# What this task involves:
Print exactly the lines below between the line containing "Ce jardin présenté" and the line containing "This page presents", counting both of those lines. Leave pictures out.

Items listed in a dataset
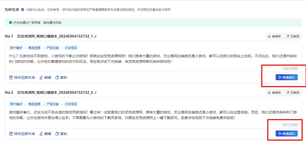 5、这样就可以生成一段视频的脚本了,然后点击自己喜欢的一段口播脚本,点击【快速成片】。
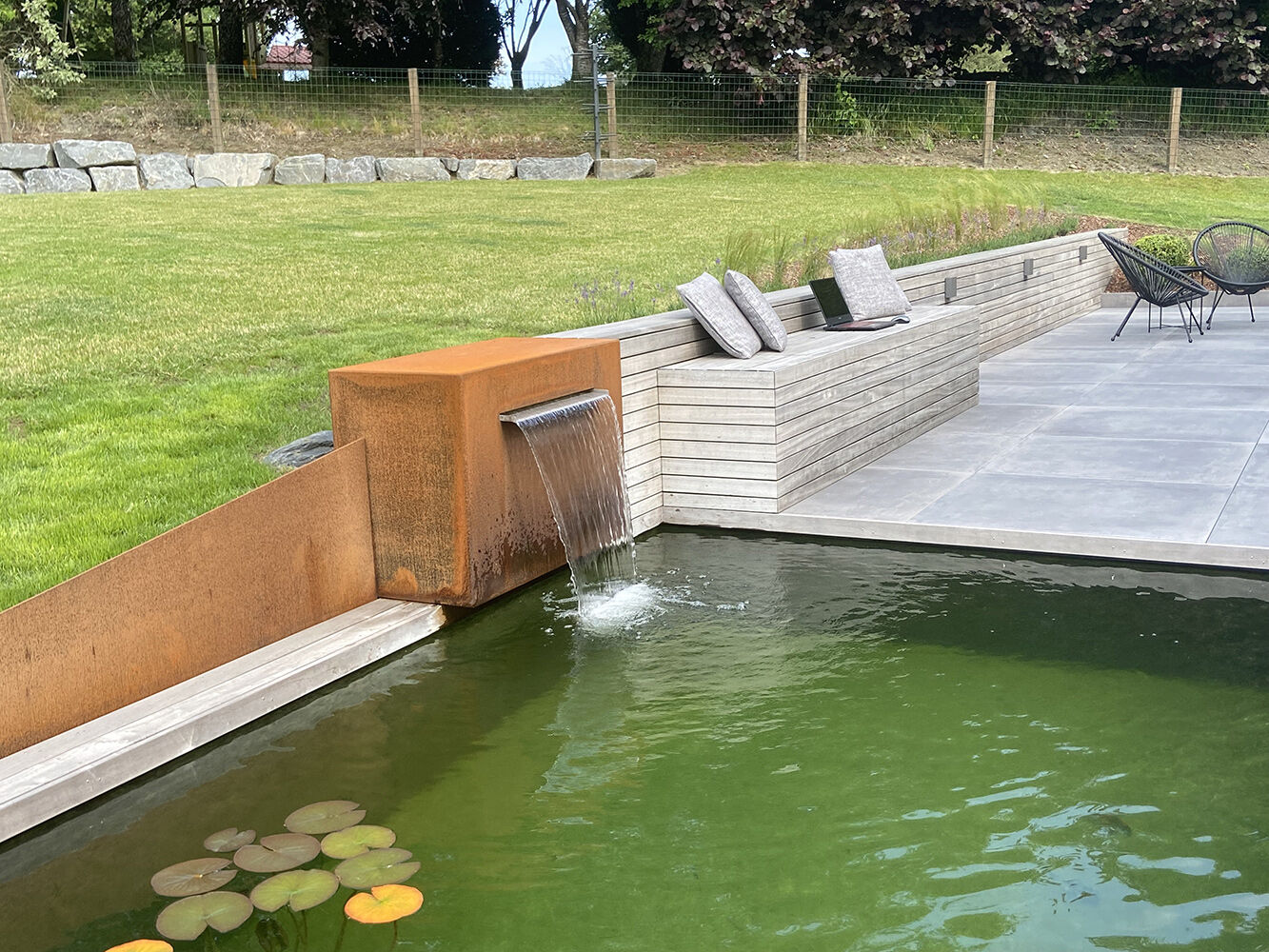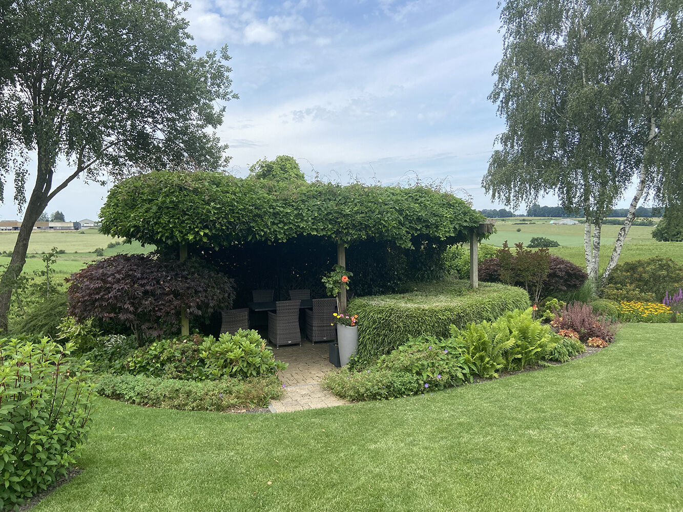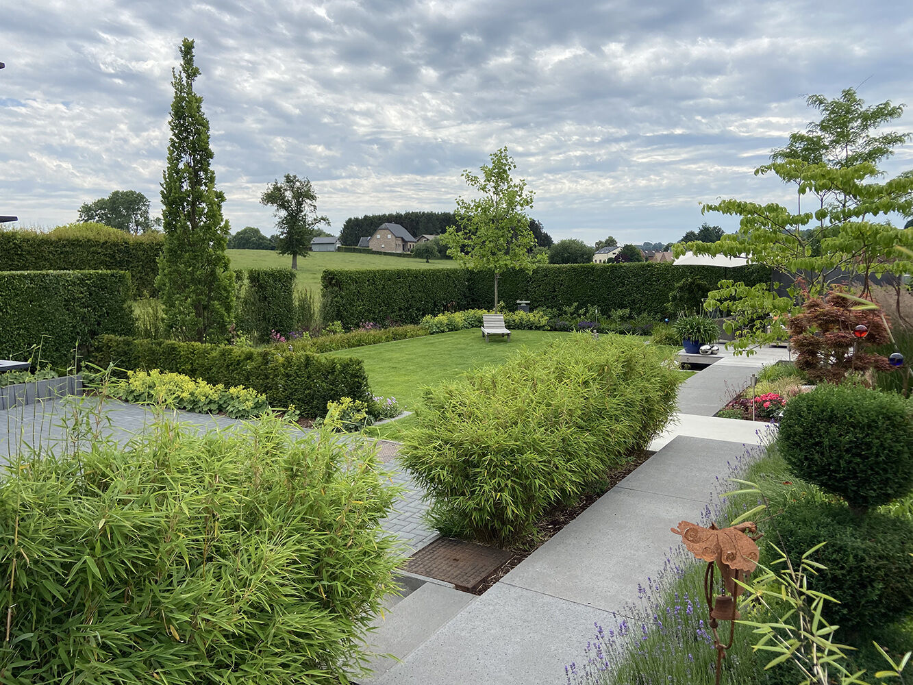 Ce jardin présenté par Nicolas Dumont et Michaël Frippiat est un exemple complet de réussite. Que ce soit au niveau de la conception, de la construction ou du choix des végétaux, cet aménagement présente une harmonie et un équilibre qui font de l’ensemble une belle illustration de l’intégration parfaite entre la maison, le jardin et le paysage.
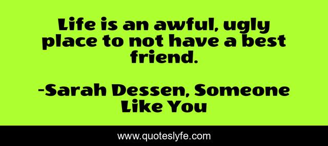 This page presents the quote "Life is an awful, ugly place to not have a best friend.". Author of this quote is Sarah Dessen, Someone Like You. .
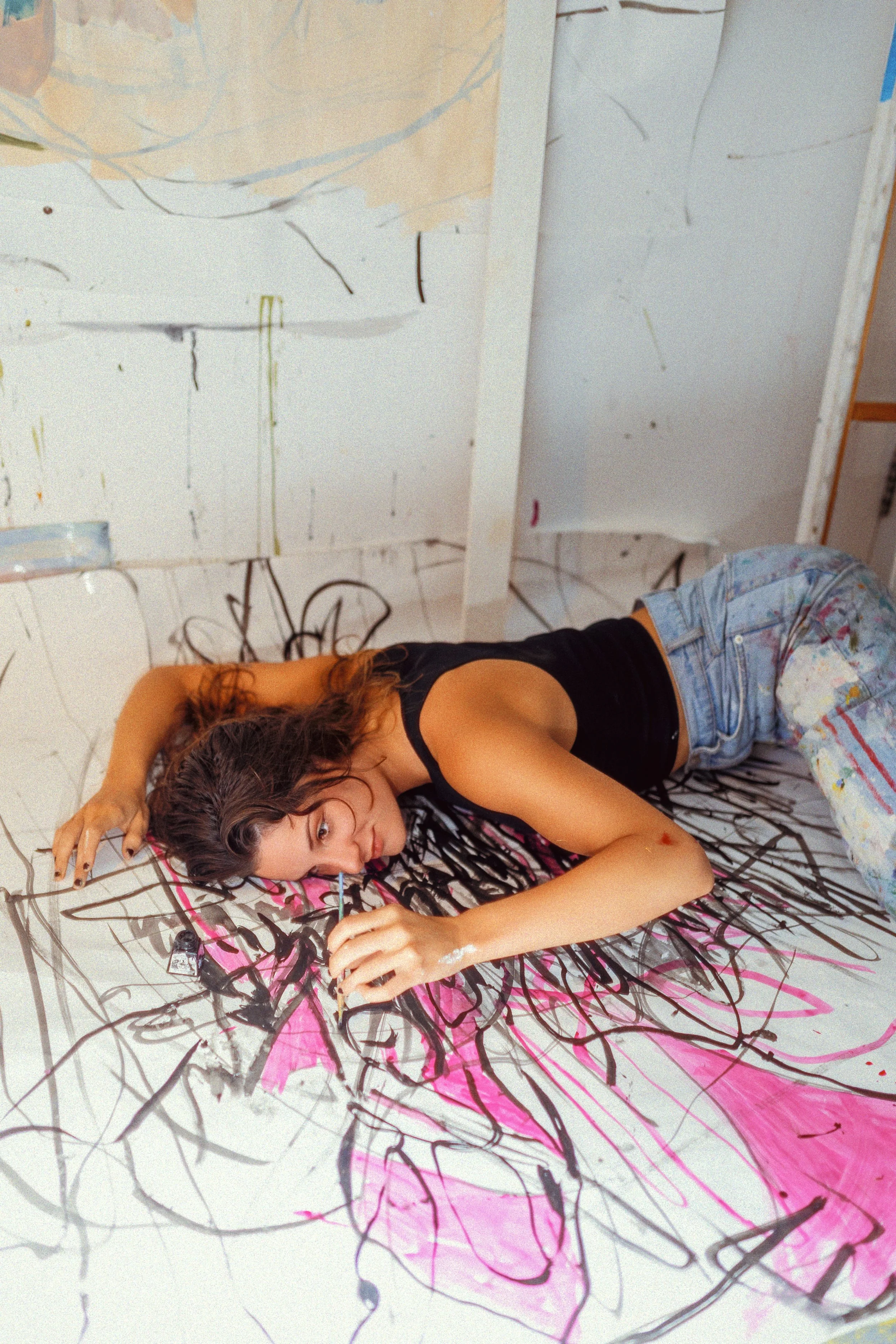 Recent highlights include exhibiting at Turner Contemporary, the acquisition of four works by The Artist Residence for their permanent collection, and commissions from Faithless and Pikes Hotel in Ibiza. In 2024, she participated in Brighton’s Open House Festival and exhibited in London in a show curated by renowned art critic and writer Anthony Fawcett. Following her 2023 graduation, she was nominated for the CVAN South East Platform Graduate Award and received the University for the Creative Arts Graduate Award, which culminated in a month-long residency and her debut solo show.
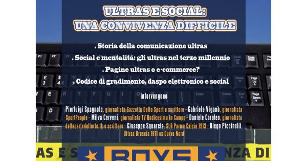 L'appuntamento è per sabato 12 gennaio alle 16.30, alla Fondazione Matteo Bagnaresi (via Saragat, 33). I Boys Parma invitano tifosi ed interessati al convegno su «Ultras e social: una convivenza difficile». Si parlerà di storia della comunicazione ultras, di scial e mentalità, gli ultras nel terzo millennio, di pagine ultras e e-commerce, di codice di gradimento, daspo elettronico e social. Interverrano i giornalisti Pierluigi Spagnolo, Gabriele Viganò, Milva Cerveni, Daniele Caroleo, lo SLO del Parma Giuseppe Squarcia e Diego Piccinelli (Ultras Brescia 1911).
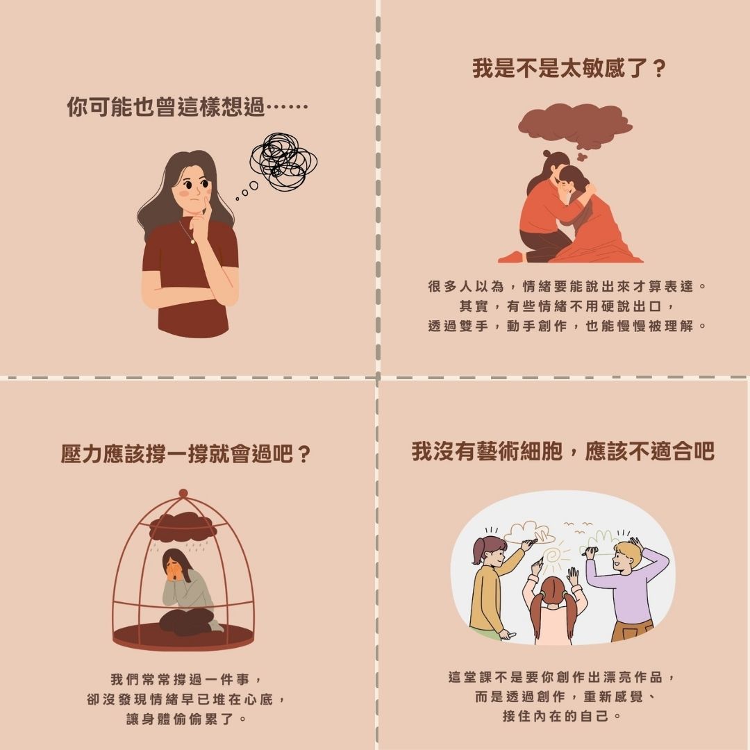 ✦ 創作實作:「我的壓力怪獸」、「情緒風景圖」、「療癒小物件」等主題
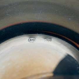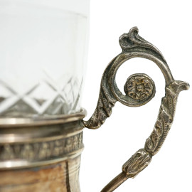 Servizio da sei bicchierini in argento e vetro controtagliato, Vercelli, XX secolo, altezza cm 7, diametro piattino cm 10,2, peso gr. 400
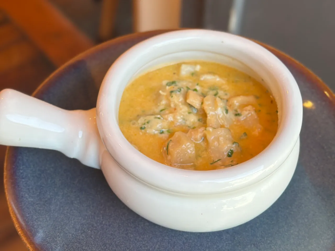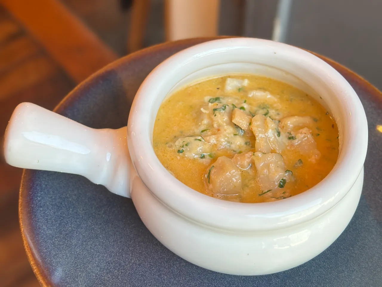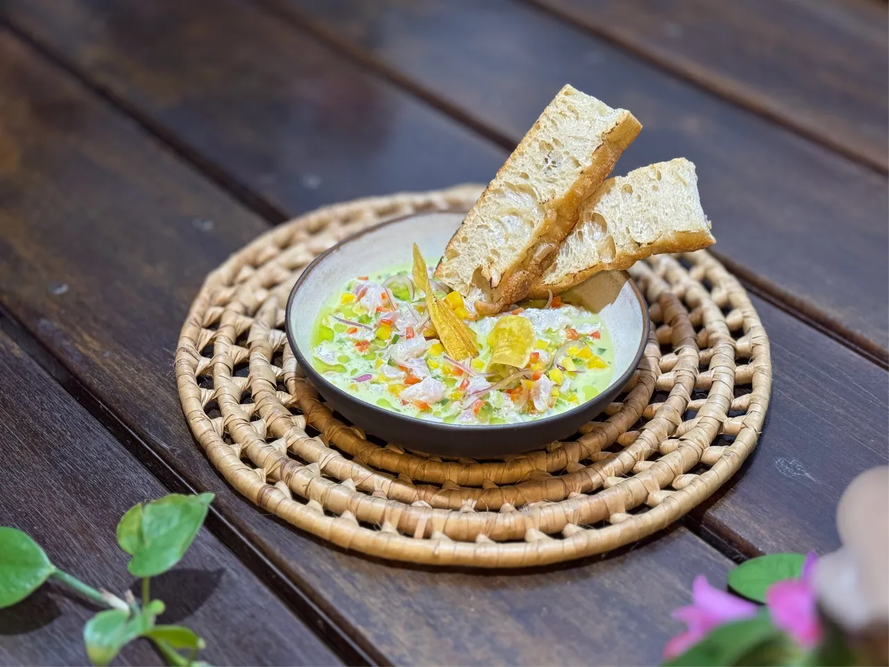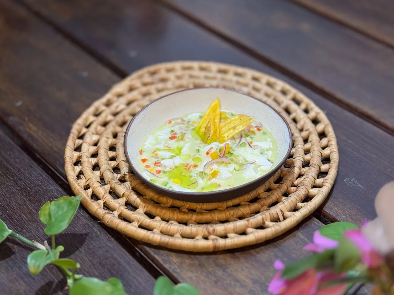 Pesca del día marinada en leche de coco con jengibre, limón, chile, cilantro, pimientos, cebolla y mango; con chips de plátano y casabe

# Response to this task:
 Ce jardin présenté par Nicolas Dumont et Michaël Frippiat est un exemple complet de réussite. Que ce soit au niveau de la conception, de la construction ou du choix des végétaux, cet aménagement présente une harmonie et un équilibre qui font de l’ensemble une belle illustration de l’intégration parfaite entre la maison, le jardin et le paysage.
 This page presents the quote "Life is an awful, ugly place to not have a best friend.". Author of this quote is Sarah Dessen, Someone Like You. .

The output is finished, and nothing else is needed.